À l’Open de BMW, Verena Kerth évoque une romance secrète avec un joueur de tennis
15 avril 2026 – 08:05 | Temps de lecture : 1 min

Les BMW Open ne sont pas qu’une affaire de tennis. En dehors du court, un entretien avec Verena Kerth a retenu l’attention.
Lors des BMW Open à Munich cette semaine, l’événement a pris une tournure surprenante avec les révélations de Verena Kerth. En marge de ce tournoi professionnel se déroulant sur le site du MTTC Iphitos, elle a parlé d’une liaison inattendue.
Lors de la traditionnelle « Players Night » mardi soir, elle a dévoilé deux phrases pleines d’allusions intrigantes. Vêtue d’un pantalon noir et d’une blouse à motifs, elle portait des boucles d’oreilles remarquables. Interrogée par RTL sur la signification du « B » de ses boucles, Kerth a répondu : « Ce n’est en réalité pas pour Boris Becker, même si j’ai eu l’année dernière une liaison passionnée avec un joueur de tennis. »
Elle a ajouté avec un brin de malice : « Je dirais que son service était meilleur que son endurance. Il ne joue plus maintenant. » Cependant, le nom du joueur est resté dans l’ombre.

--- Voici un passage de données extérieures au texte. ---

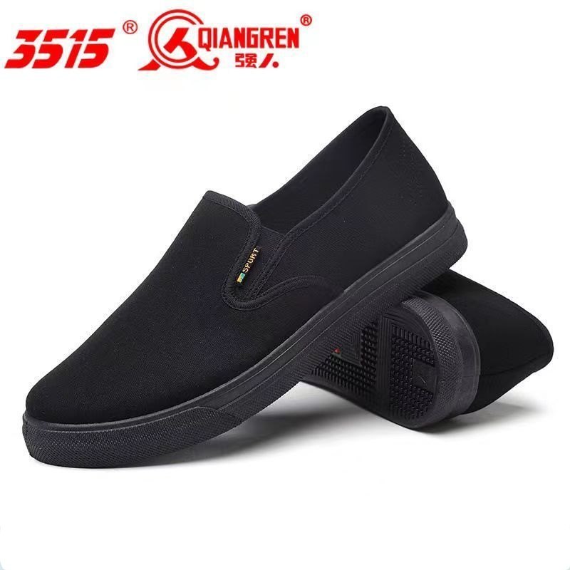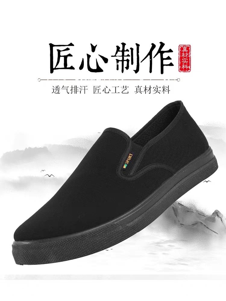强人冬季棉黑布鞋休闲老北京男女款防滑透气耐磨老人一脚蹬爸爸鞋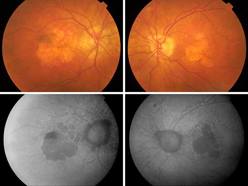 Figura 3. DMAE de tipo atrófico. Las áreas de atrofia geográfica se muestran como zonas bien delimitadas de hipoautofluorescencia, rodeadas por diferentes patrones de autofluorescencia anormal, predominantemente con un moteado hiperautofluorescente.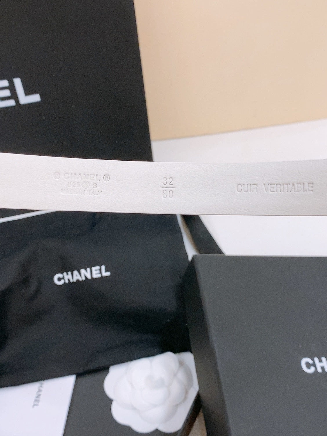 • DOUBLE C BELT 20MM IN WHITE CALFSKIN WITH GOLD CHAIN INTERWOVEN BUCKLE

Au début des années 2000, Verena Kerth a été sous les feux des projecteurs grâce à sa relation avec Oliver Kahn, suivie d’une collaboration avec l’entrepreneur Martin Krug. Récemment, c’est surtout son idylle tumultueuse avec Marc Terenzi, qui a pris fin en juillet 2024, qui a alimenté les gros titres.
Points à retenir
- Une révélation inattendue sur une liaison avec un joueur de tennis bien mystérieux.

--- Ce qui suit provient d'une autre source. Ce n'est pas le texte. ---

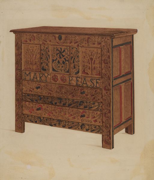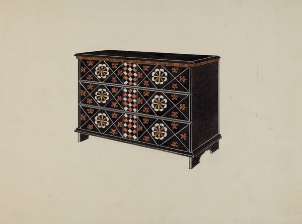 This drawing of a chest of drawers was made by Charles Henning at an unknown date. The details, look at those tiny rows of dashes forming borders, they are so methodical, right? It makes you wonder what Henning was thinking, repeating these small marks, like counting the drawers, or maybe a steadying breath. Now, think about the surface. The green and red are opaque, thick enough to hide the paper underneath, but they don't have a lot of texture. The overall effect is flat, but those red tulips give it pop. I'm drawn to the cross shape on the side panel; it's simple but not quite centered, like a happy accident. It's slightly off, adding a nice bit of character to the overall design. Henning's approach makes me think of other self-taught artists like Bill Traylor, who find their own way of seeing and making. Art isn't always about perfection; it's about the conversation, the questions, and the way we see the world around us.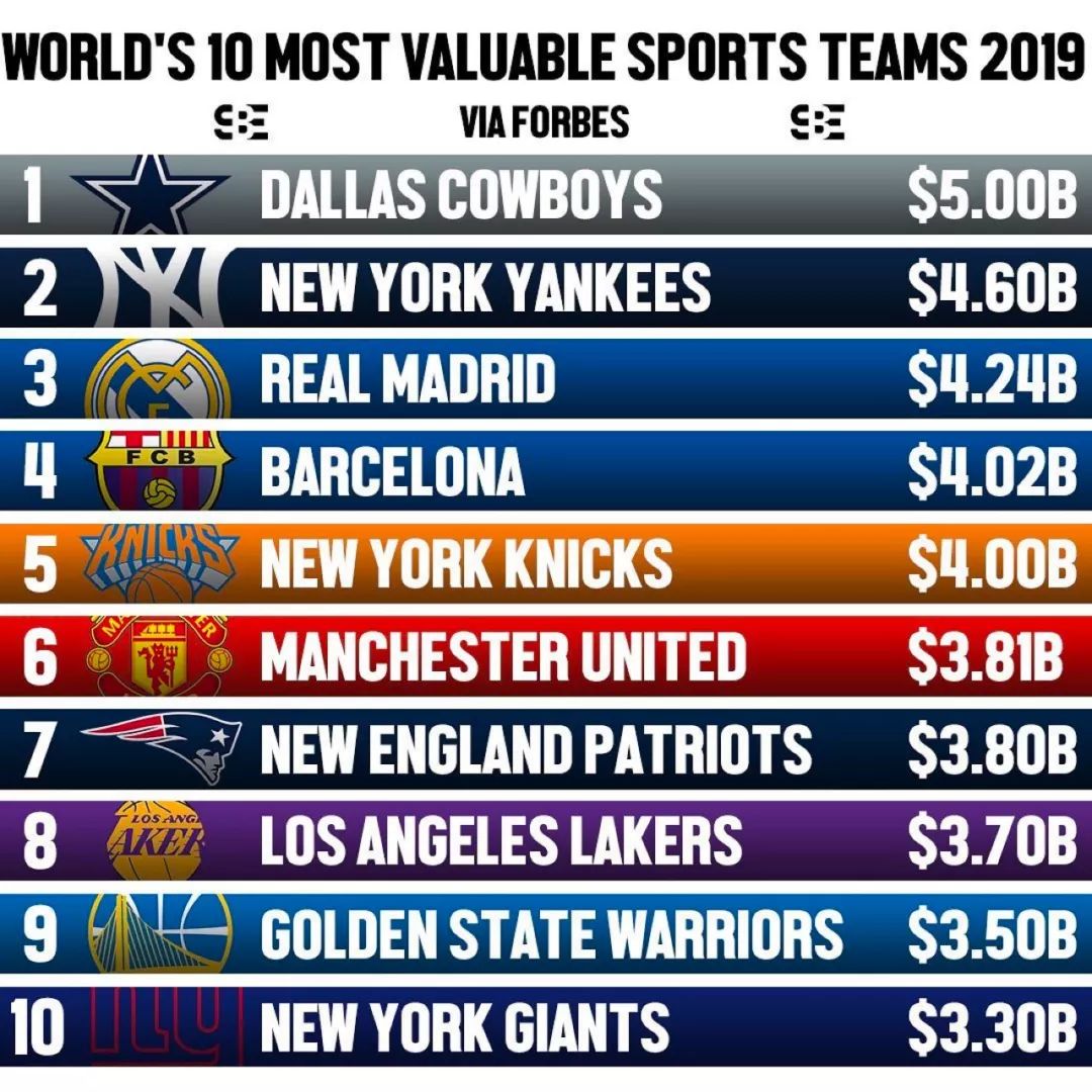 榜单中还有哪些你耳熟能详的运动队呢?圈哥跟你一起来看看。

- Kerth, connue pour ses relations médiatisées, ajoute une nouvelle page à son histoire personnelle.
- Le mystère du joueur non nommé : à quand la révélation ?
- Et si le suspense était le meilleur atout d’une histoire d’amour ?

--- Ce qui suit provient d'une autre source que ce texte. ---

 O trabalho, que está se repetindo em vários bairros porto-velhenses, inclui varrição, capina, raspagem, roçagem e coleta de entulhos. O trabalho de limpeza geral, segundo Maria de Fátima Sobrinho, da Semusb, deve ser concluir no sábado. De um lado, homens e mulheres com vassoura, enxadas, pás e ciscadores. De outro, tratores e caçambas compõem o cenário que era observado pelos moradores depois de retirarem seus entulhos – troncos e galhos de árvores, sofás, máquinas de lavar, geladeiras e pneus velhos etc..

Réfléchissons un peu : ces relations entre célébrités et sportifs ne soulèvent-elles pas des questions sur notre fascination pour leur vie privée ? En tant que journaliste engagé, je me demande où s’arrête l’intérêt public et où commence l’intrusion. Peut-être que l’essentiel dans ces histoires reste souvent dans l’ombre, tout comme ces joueurs qui, au final, ne jouent plus.